El Correo Gallego

Noticia 1 de 1 Opinión » Firmas

LOS REYES DEL MANDO

JOSÉ MIGUEL GIRÁLDEZ

Decorado

11.07.2019 
A- A+

LUEGO está esa pulcritud de la sala del Congreso donde se reúnen los líderes, que no tiene el aire de la escalera de Moncloa. Allí la gente ríe abiertamente para los fotógrafos, y los árboles, en el entorno, se mecen (cuando el viento sopla). Pero en la ronda de contactos de esa semana, Sánchez citó a los líderes en esa sala en la que dos banderas llenan una escena vacía, una lámpara de mesa o mesita, iluminada, una luz pastosa arrojada desde algún foco cenital poco entusiasta, una luz que, sin embargo, aparece envolviéndolo todo, rebozando quizás la miga del fracaso. Y esa mesa central, redonda, en la que me ha parecido adivinar que hay grabada una rosa de los vientos, algo muy apropiado para no perder el norte, desde luego, pero que bien pudiera ser otra cosa.

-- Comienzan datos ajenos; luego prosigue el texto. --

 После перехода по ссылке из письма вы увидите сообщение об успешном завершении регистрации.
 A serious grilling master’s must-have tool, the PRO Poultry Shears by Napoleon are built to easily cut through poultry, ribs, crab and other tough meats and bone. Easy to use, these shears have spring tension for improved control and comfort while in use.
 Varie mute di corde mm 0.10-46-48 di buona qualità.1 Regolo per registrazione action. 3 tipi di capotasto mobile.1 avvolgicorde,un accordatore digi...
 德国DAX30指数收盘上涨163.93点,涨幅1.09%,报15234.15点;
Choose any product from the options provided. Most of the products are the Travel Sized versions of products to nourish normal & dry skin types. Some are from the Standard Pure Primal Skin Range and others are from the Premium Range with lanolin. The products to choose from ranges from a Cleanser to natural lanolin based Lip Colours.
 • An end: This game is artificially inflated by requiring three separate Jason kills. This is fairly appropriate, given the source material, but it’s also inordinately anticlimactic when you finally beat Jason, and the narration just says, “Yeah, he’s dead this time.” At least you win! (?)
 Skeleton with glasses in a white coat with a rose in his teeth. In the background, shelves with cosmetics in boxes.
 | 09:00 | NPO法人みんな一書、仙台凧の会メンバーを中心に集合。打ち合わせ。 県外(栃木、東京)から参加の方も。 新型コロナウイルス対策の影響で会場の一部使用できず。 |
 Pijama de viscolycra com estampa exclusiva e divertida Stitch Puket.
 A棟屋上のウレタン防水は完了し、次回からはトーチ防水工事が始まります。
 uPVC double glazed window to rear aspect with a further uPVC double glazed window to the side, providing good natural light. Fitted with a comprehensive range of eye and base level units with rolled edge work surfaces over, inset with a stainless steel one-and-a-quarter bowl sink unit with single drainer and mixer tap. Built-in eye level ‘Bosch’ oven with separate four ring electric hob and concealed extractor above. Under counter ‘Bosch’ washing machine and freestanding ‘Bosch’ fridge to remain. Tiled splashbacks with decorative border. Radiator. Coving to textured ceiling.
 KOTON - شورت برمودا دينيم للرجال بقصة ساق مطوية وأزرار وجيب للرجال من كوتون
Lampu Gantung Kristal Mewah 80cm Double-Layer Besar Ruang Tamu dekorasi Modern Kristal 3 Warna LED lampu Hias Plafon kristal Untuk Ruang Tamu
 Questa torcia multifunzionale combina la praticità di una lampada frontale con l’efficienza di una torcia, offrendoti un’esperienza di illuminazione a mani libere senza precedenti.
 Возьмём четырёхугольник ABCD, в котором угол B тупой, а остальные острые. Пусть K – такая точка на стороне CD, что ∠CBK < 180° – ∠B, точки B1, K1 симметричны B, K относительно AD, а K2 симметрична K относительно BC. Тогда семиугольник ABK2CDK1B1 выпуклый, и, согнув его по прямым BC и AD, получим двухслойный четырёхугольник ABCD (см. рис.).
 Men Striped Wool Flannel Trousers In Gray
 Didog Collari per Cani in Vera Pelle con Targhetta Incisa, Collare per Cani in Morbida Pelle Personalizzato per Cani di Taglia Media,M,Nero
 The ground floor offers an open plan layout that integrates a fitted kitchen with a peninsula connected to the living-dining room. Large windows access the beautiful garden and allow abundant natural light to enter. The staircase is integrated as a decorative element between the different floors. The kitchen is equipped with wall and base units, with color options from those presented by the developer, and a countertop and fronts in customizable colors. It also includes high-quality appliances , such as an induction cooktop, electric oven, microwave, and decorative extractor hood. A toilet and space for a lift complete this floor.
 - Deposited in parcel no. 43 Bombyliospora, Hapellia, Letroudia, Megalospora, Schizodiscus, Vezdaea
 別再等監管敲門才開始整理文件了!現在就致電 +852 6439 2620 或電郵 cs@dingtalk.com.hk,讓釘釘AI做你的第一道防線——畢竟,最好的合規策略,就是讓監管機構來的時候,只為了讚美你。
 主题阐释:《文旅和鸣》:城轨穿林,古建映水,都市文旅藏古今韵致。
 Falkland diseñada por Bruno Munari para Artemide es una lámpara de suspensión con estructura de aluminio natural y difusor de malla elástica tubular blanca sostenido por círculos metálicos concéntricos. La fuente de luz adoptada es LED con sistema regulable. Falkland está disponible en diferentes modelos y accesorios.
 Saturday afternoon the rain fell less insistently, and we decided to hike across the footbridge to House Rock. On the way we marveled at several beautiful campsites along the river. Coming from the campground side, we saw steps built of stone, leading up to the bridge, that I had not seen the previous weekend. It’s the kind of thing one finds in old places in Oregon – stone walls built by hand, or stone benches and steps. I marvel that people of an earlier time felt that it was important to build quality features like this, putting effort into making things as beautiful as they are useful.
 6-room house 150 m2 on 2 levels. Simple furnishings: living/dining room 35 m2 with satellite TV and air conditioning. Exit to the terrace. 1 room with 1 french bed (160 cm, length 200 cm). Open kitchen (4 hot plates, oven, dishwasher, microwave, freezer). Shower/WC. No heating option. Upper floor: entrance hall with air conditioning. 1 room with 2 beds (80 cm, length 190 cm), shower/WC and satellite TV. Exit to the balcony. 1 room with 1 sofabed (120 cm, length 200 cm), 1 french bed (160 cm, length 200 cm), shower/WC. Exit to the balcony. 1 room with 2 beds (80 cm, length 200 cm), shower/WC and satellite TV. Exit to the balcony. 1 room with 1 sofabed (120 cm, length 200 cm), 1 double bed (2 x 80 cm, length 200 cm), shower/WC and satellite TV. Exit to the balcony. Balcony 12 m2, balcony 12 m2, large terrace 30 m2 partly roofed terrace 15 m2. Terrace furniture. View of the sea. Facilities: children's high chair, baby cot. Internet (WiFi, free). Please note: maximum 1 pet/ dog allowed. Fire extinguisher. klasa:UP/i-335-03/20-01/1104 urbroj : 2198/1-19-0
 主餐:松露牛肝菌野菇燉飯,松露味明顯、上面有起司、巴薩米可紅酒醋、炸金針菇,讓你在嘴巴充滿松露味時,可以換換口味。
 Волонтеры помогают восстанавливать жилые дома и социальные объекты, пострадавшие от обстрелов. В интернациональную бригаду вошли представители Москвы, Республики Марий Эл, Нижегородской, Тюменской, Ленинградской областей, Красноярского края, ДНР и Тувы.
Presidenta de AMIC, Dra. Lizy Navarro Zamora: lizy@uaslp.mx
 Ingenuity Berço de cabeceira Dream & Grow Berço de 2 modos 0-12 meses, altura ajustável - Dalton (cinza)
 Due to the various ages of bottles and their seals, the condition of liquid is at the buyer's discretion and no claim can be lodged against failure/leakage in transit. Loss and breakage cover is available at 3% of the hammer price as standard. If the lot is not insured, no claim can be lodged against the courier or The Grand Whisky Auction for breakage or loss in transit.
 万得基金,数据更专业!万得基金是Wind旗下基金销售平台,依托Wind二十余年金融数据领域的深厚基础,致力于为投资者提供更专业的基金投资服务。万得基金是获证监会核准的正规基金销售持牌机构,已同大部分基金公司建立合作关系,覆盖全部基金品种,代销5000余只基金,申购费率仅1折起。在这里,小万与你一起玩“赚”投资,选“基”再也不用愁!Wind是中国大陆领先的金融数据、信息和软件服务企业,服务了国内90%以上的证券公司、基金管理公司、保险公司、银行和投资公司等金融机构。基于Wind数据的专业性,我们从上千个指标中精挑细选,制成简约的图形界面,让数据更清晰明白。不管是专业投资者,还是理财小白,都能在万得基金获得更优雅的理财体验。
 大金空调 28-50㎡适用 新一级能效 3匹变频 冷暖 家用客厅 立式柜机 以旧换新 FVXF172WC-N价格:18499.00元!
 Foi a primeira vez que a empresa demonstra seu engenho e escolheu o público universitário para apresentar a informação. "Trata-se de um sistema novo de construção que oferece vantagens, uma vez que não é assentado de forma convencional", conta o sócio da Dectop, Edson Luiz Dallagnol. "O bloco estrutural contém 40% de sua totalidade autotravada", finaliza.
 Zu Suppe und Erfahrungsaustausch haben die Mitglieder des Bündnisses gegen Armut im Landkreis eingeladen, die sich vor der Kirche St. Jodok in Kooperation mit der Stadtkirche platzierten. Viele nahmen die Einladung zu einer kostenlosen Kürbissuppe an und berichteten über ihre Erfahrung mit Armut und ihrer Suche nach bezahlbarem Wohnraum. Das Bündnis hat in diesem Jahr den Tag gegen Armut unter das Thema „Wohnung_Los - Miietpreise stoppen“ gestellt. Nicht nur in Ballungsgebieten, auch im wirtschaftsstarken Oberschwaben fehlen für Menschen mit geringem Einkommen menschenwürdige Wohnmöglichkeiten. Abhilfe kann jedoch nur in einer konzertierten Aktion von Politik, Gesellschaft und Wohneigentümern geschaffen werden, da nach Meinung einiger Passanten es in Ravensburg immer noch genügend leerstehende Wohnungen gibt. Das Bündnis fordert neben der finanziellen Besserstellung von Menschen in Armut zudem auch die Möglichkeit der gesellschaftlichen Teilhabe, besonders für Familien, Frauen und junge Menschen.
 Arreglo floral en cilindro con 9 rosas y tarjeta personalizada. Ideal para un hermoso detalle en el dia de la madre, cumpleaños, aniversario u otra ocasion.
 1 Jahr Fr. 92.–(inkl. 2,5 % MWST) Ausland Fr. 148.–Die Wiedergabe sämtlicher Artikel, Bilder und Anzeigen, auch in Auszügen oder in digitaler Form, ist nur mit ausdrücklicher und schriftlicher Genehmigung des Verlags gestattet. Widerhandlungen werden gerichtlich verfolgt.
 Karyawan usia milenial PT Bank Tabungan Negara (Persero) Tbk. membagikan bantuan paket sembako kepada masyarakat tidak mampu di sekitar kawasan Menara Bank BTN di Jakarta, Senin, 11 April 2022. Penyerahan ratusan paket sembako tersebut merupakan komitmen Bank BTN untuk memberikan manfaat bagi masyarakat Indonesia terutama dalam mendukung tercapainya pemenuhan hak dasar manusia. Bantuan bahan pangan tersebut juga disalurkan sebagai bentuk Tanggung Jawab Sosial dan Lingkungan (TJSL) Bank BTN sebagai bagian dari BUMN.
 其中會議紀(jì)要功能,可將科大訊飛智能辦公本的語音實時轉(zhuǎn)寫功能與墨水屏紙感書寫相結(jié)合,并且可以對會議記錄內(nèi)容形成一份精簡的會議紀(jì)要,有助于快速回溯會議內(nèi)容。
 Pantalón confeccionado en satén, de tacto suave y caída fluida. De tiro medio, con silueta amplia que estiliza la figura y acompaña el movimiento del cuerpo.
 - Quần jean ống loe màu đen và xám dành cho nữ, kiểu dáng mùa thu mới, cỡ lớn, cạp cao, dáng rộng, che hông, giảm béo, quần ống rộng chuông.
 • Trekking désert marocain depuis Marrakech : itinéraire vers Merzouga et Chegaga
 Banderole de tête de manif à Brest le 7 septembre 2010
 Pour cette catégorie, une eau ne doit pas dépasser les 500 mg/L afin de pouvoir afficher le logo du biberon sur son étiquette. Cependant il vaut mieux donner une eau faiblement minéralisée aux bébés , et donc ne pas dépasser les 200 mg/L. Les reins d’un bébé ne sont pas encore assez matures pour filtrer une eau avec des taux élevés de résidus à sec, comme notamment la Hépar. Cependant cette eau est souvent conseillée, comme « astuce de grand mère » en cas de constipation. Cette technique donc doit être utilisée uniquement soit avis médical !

Para las fotos y tomas televisivas se dispusieron dos focos de plató, tan potentes que arrojaban sobre los fotografiados una luz quasi divina. En la imagen que en El Mundo firmaba Bernardo Díaz se advertía bien. Y entonces descubrías que todo parecía un decorado perfecto. Sombras proyectadas en una sala que era una caja de maderas pulcrísimas, quizás de maderas preciosas, o bastante preciosas, sin nada más que esas dos sillas de buena calidad (lo parecían), quizás porque no está bien visto sentarse para negociar un Gobierno en banquetas o en sillas de mimbre. Aquello era un escenario, queridos. Los fotografiados miraban hacia el público potencial, mostrando que la representación negociadora se haría con un minimalismo extremo, quizás para que nada impactara en la paz de los pactantes. Sólo las palabras llenarían la estancia, con tanto recogimiento que sin duda invitaba a la confesión. La madera podría proporcionar calidez al momento, pero, en realidad, arrojaba una extraña frialdad sobre los que contemplábamos la escena. Quizás porque adivinábamos el final.

El último (o penúltimo) acto de estos encuentros para el desencuentro se desarrolló pues en esa habitación del Congreso, donde es seguro que tanta madera abrillantada y pulida debía proporcionar una acústica maravillosa. Una caja perfecta no para enterrar la negociación, sino para hacerla supuestamente confortable. Ni por esas. El exquisito equilibrio del cuadro (no recuerdo qué representa), las dos banderas a un lado y la mesita esquinera con la lámpara de harina iluminada al otro, no se alteraba con la mesa central, circular, rigurosamente elegida en colores oscuros, elegante, he de decirlo, con esas dos sillas clónicas, ávidas por recibir el peso de los cuerpos que hablarían con la lógica gravedad de los asuntos de estado.

Tanto en las imágenes de Díaz como en las de Uly Martín, por ejemplo, se observaba a los líderes antes de comenzar el diálogo, rellenando el momento para la prensa con ese otro diálogo irrelevante que nunca sé de qué va. Sánchez, trajeado de presidente, gesticula menos, e Iglesias aparece capturado con su look sport, que parece que se ha puesto deprisa, como cuando dices en casa que te vas a dar una vuelta. Ambos sabían que la cosa estaba cruda. La desnudez del decorado debió combinar bien con la desnudez del acuerdo, pues no lo hubo. De hecho, además de la contaminación, el desacuerdo parece reinar hoy sobre el cielo de Madrid.